そういえば、と唐突に紅貴は思い出す。幼少期、母を亡くして泣きじゃくる紅貴が慰めてくれた執事に、以降ずっと感じ続けている石鹸とミルク、ちょっぴりの蜂蜜の香りについてだ。漆が自殺未遂を起こす直前に主人が問いかけたら、即座に反応して口を塞いできた。
…かと思えば、“疲れたから”と言われ、部屋を追い出された。あの質問にそれほど重要な意味が隠されているとは到底思えないが…。紅貴は首を傾げる。

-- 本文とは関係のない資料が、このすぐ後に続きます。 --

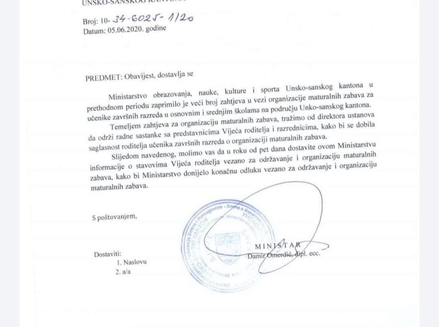 Ministarstvo obrazovanja, nauke, kulture i sporta USK zaprimilo je veći broj zahtjeva u prethodnom periodu u vezi održavanja maturalnih zabava za završne razrede osnovnih i srednjih škola na području USK.

一つずつ解いていこう、と紅貴は決めて、携帯を手に取った。電話相手は、谷ヶ崎家主従の関係を唯一部外者として詳しく知っている貝沢だ。
『もしもし、谷ヶ崎か??』
「…貝沢、悪ィ。この間の相談の続きなんだけど…。」
『ああ、執事…源さんの話ね。でェ??進展はあったの??』
紅貴はどこから説明したものか逡巡した挙句、素直に疑問点を挙げていくことにした。
「その、色々とトラブルが起きてさ。まだ相手の気持ちを訊けていないんだ。」
だけどさ、と紅貴は喋り続ける。
「婚約前に、オレ、アイツにベッドに押し倒されて…。」
電話向こうで甲高い口笛が吹かれた。
『そりゃ偉く豪胆な執事さんだな。主人相手に??やるじゃん。』
「なんか、『監禁したくなるほど好きだ』って強引に詰め寄られて、参った。それまで、許嫁には愛想よくしていたのに『彼女が憎い』なんていきなり言い出して…。オレも酷く混乱して、思いっきり拒んじゃったけど。…何であんな真似したのか、オレ全然わかんなくって。ごめん。何言っているかわけわかんないよな。けど…とにかく、嫌がらせみたいに迫られて。」
『“みたい”じゃなくて、本当に“嫌がらせ”だったんじゃないのか??』
携帯片手に紅貴は数秒ほど絶句した。ハッと気づくと、急いで携帯を握りなおす。
「な…っ、何で源がオレに嫌がらせするんだよ!!アイツがオレのこと嫌いって言いたいのかよ!!」
電話口で喚き散らす次期当主に、友人はやれやれと言わんばかりに長い息を吐く。
『は~いはい。直情型の思考回路、あんまりよくないよ??…別に俺は、その源さんがお前のことを嫌っているって言いたいわけじゃねぇよ。一つの可能性を考えているだけで。…例えば、その源さん、ベッドに押し倒す前後に主人を避けたような節はなかったか??』
紅貴は目を見開き、思わず携帯に視線を注ぐ。